In the present embodiment, the control unit 13 determines the number of samples _S'for calculating the upper limit value MMax of the number of training data depending on the number of key values Keynum. For example, the control unit 13 divides the sample number S calculated based on the given population ratio PM, the reliability α, and the error δ by the number _Keynum of the key values, and divides the sample number S by the sample number S. 'Define as. The integer value is calculated using, for example, the Ceil function. The control unit 13 calculates the upper limit value M _Max of the number of training data based on the calculated number of samples S', and further selects the number of training data M.

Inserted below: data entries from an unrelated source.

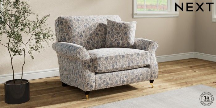 7.3.1 Buy Ashford Relaxed Sit Snuggle Relaxed Linen Look Print Woodblock Floral Blue Castor - Dark from the Next UK online shop Click here to use our accessible website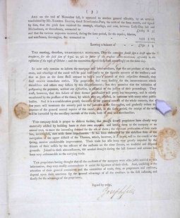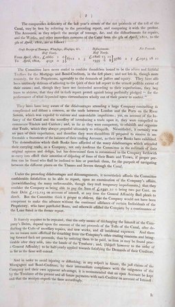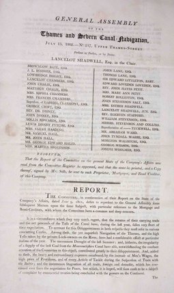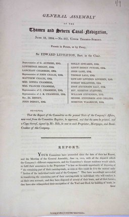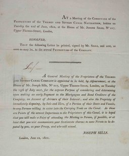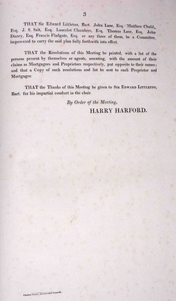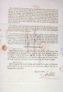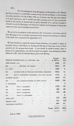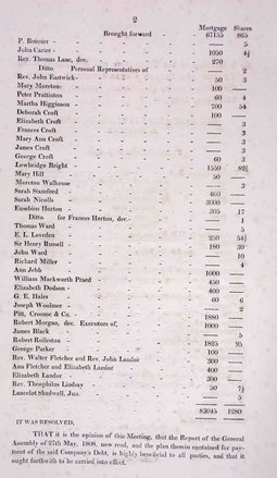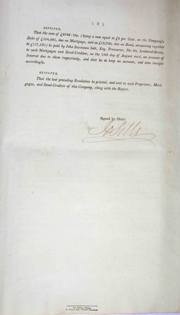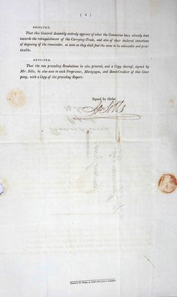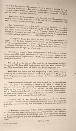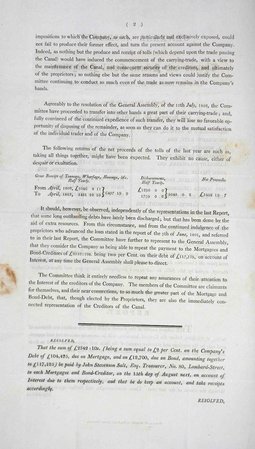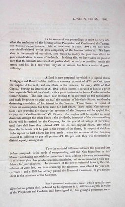 Printed notice of and printed minutes of a meeting of Proprietors and Mortgagees on 21 Jun 1808 that agreed the Committee’s plan to reorganise the Company’s capital be carried into effect, and printed list of the financial position of each individual.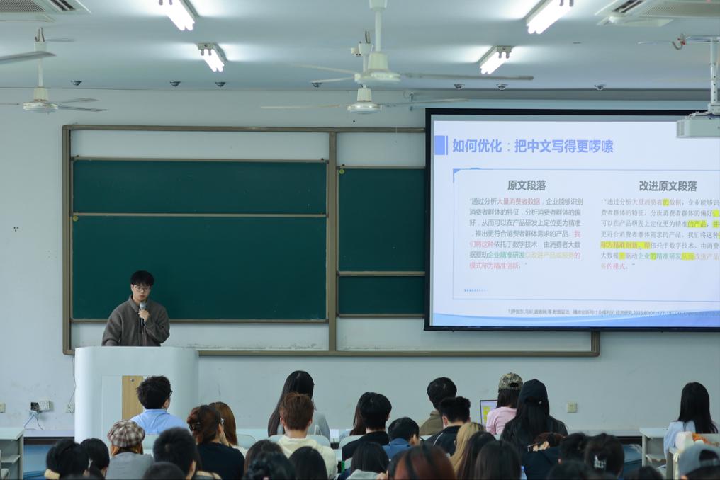 吴坚同学以“学术写作语言与工具选择”为主题,系统讲解写作实践中的语言使用与技术支持。他指出需根据研究对象与发表需求灵活使用中英文写作,结合实例剖析中文学术写作中表达不规范、逻辑不连贯等常见问题,并给出改进方法。同时,他结合自身论文写作经历,分享了注重逻辑结构、突出创新点、反复修改完善等实用建议,并推荐Bing、Grammarly、百度翻译等翻译润色工具,助力提升写作效率与语言质量。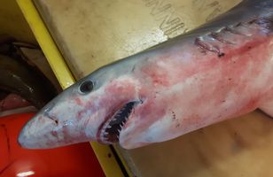 Veiddu fjóra hákarla á fjórum dögum Áhöfnin á Jóni Ásbjörnssyni hefur fengið fjóra hákarla á línu hjá sér á síðastliðnum fjórum dögum. Hákarlarnir komu á línu um tuttugu sjómílur frá Þorlákshöfn en þrír þeirra eru bláháfar sem er ein hættulegasta tegund hákarla í heimi. 6.9.2016 20:00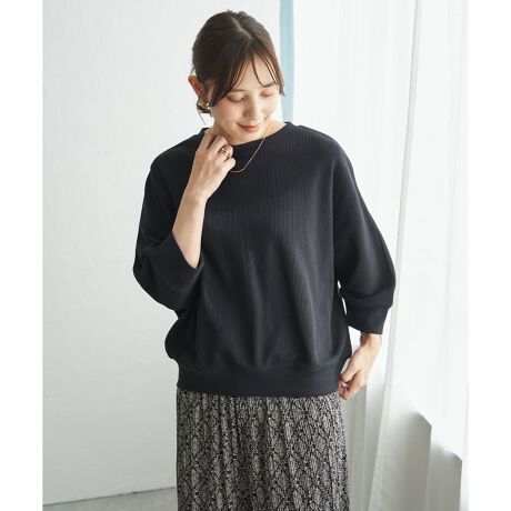 ゆとりのあるドルマンシルエットが自然に体のラインを包み込み、気負わず着られる一枚です。

The random number generator 2 outputs training data by the number of selected training data M in the learning mode according to the set key value, whereby the random number tester 1 performs machine learning of the next bit prediction unit 12. .. Further, the random number generator 2 outputs the same number of test data in the test mode according to the set key value, whereby the random number tester 1 is output to the predictive bit pred output by the next bit predictor 12. Based on this, the pass / fail judgment of the random number test is performed.

As described above, according to the present embodiment, the random number tester 1 is composed of one order bit prediction unit 12 by treating the pseudo-random number sequence generated for each key value as one pseudo-random number sequence. On the other hand, similarly, the pass / fail judgment of the random number test can be performed.

As described in the above embodiment, the action selection algorithm and / or the Bayes hypothesis test method may be applied to the random number tester 1. Further, a plurality of next bit prediction units 12 corresponding to the pseudo-random number strings for each operating condition may be used without combining the pseudo-random number strings generated for each key value into one.

[7th Embodiment]
This embodiment is a modification of the above embodiment, and is an output noise generated by a ring oscillator or a digital / analog converter (A / D converter) generated for various operating conditions in which the temperature, voltage, etc. are different in the learning mode. A trained inference model is constructed based on a random number sequence constructed by using the above, and thus, in the test mode, the trained inference model obtains the next bit based on the random number sequence generated for each of the various operating conditions. It is characterized by making predictions and making judgments on random number tests.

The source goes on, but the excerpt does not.